Белые шары, черные шары... Жду и надеюсь
Шрифт:
— Почему неприглядную? — сразу встрепенулся Прохоров. — Отчего же, Костик, неприглядную? Я же одного хочу: чтобы ты правду рассказал! Как все на самом деле было! Чего ж тут неприглядного — правду-то рассказать? К тебе бы старик прислушался, я знаю.
— Одного только не могу понять, — сказал Творогов, — чем это тебе Женька так помешал? Чего это ты его так боишься, а?
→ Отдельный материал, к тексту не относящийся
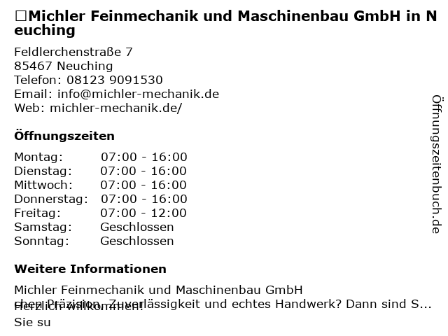 Branchen & Suchbegriffe zu Michler Feinmechanik und Maschinenbau GmbH in Neuching:anbieter für baumaschinen, feinmechanik, maschinenbau, neuching, michler |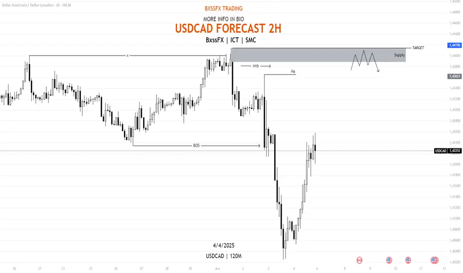 🔹 TYPE D’ORDRE : Vente après réaction sur la zone de supply avec structure baissière confirmée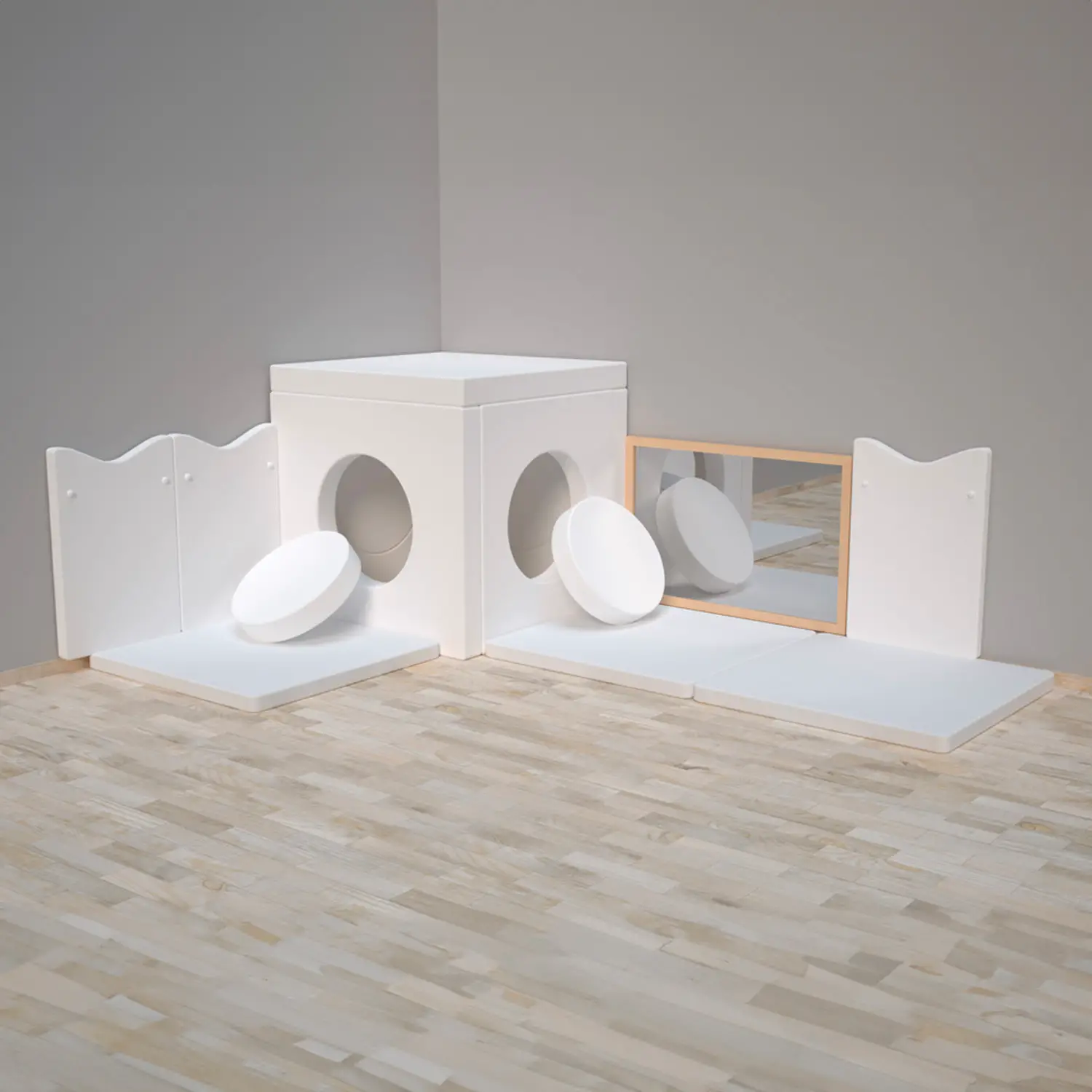 Il Set Avanzato Sensoriale Modulare è progettato per creare un angolo morbido, sicuro e stimolante, perfetto per nidi, scuole dell’infanzia, ambienti Snoezelen e spazi dedicati alla crescita e al benessere dei bambini.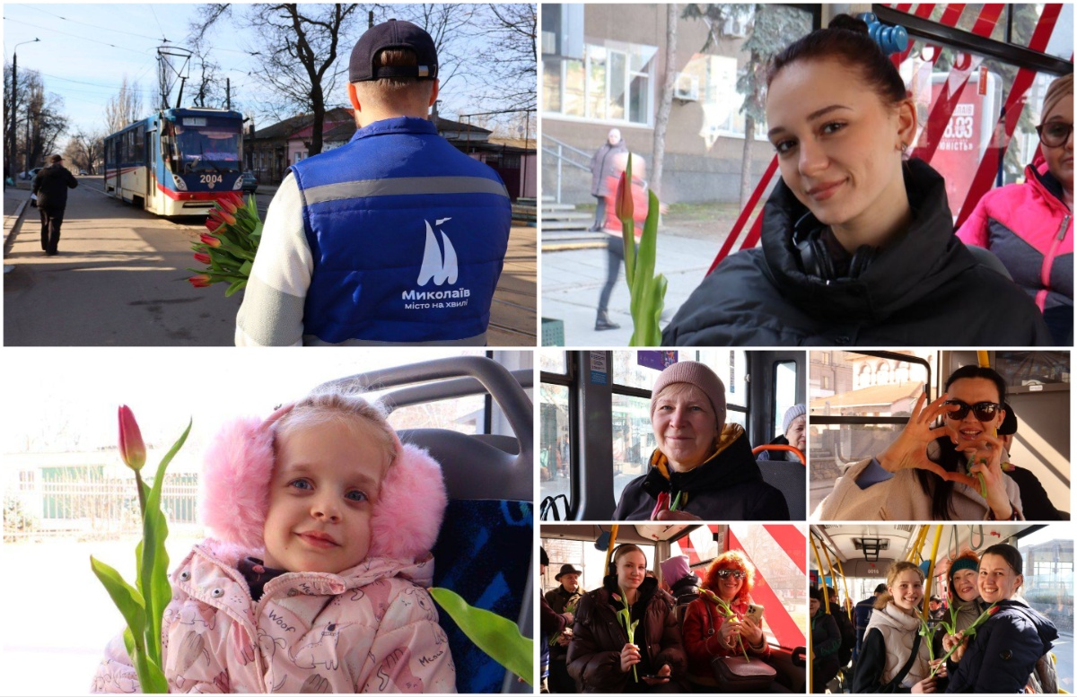 В Миколаєві до Міжнародного жіночого дня працівники КП “Миколаївелектротранс” привітали пасажирок громадського транспорту зі святом. 8 березня 2026 року жінкам під час поїздок дарували тюльпани як символ весни, тепла та вдячності.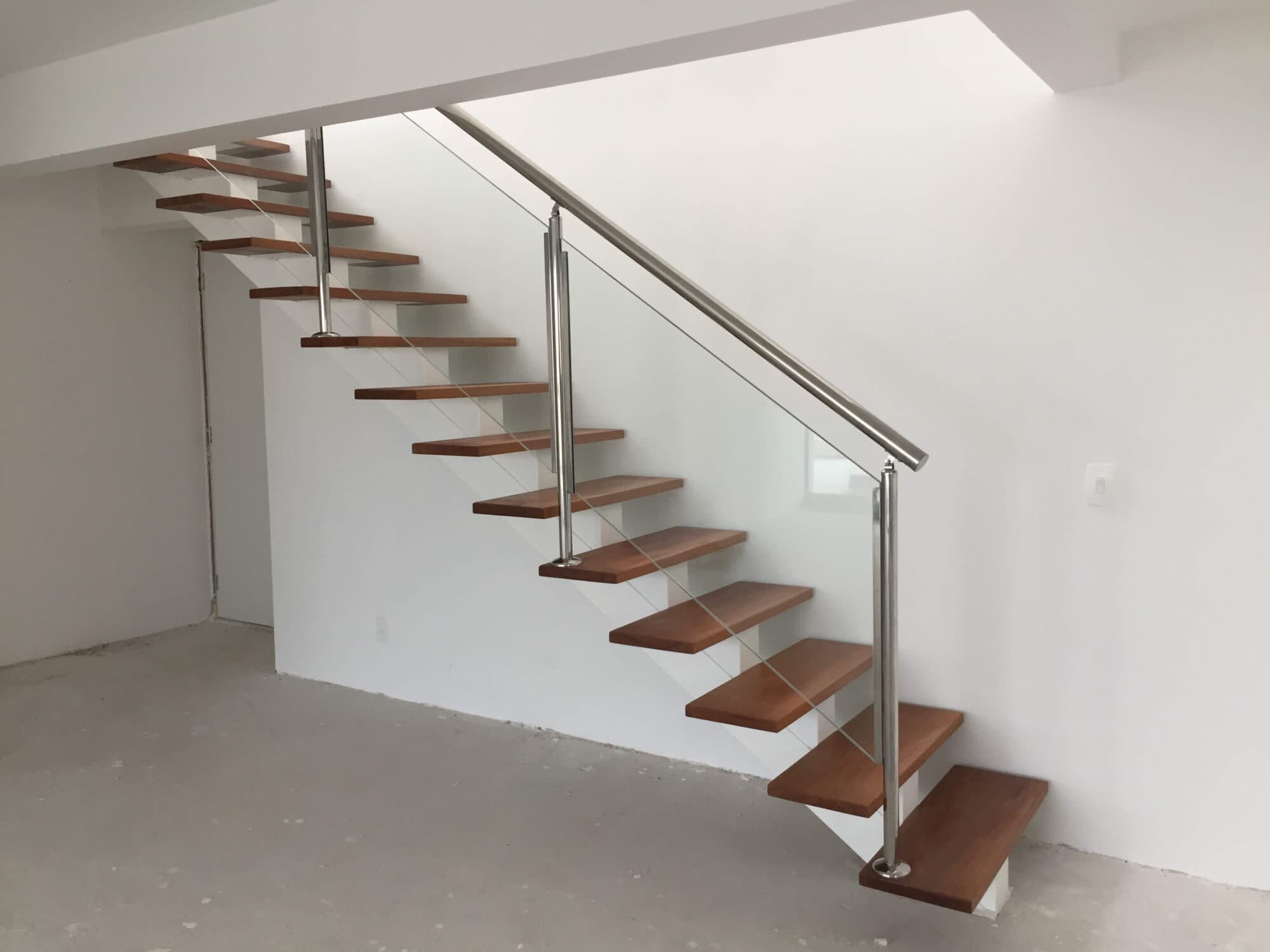 A ideia era entregar aos proprietários uma escada que já atendesse o padrão do condomínio e como item de personalização, opções de guarda corpos em aço inox com fechamento de vidros.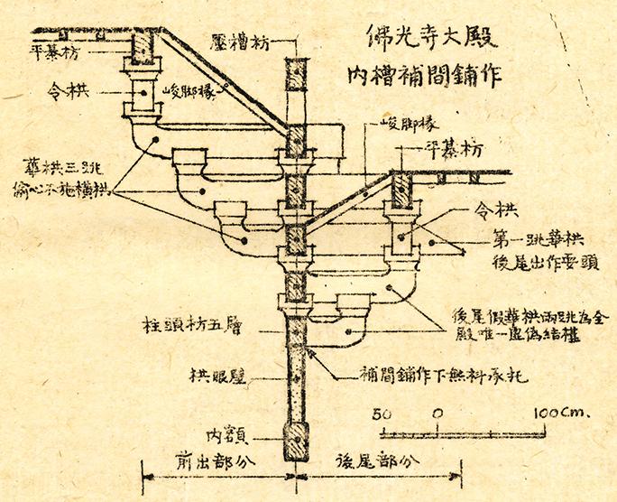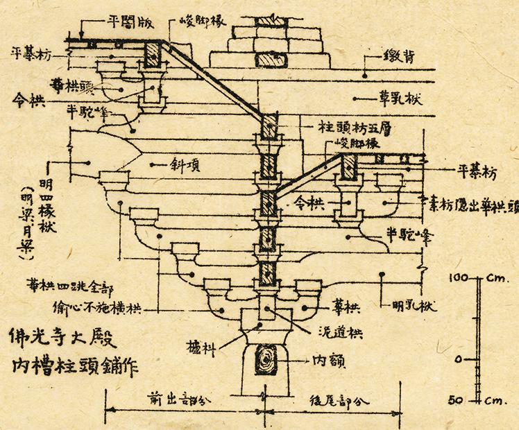 至于斗栱全部之高,适合檐柱高之半,故所呈外表,至为雄大豪壮。盖古之斗栱本为结构中主要部分,至元明以后乃日渐纤小而沦为装饰部分焉。但如殿槽内补间铺作后尾之假作两华栱以求外形之对称者,实结构上之欺诈行为,又不禁为当时匠师惋惜也。

— Ты прав, Костик, ты, как всегда, прав, — бодро воскликнул Прохоров. — Пожалуй, я не с того начал, не с той стороны зашел. Мне бы очень не хотелось, Костик, чтобы ты или кто другой подумал, будто я пытаюсь свести с Синицыным какие-то счеты. Да ничего подобного, упаси господи! Мне лично Синицын никогда не делал ничего плохого, кроме хорошего! Да наши пути и не пересекались никогда, мы просто в разных плоскостях
— Ну зачем ты уж так? — несколько смутившись, сказал Творогов. — Просто я не понимаю: неужели ты думаешь, что Синицын и правда представляет такую ужасную угрозу для вашего института?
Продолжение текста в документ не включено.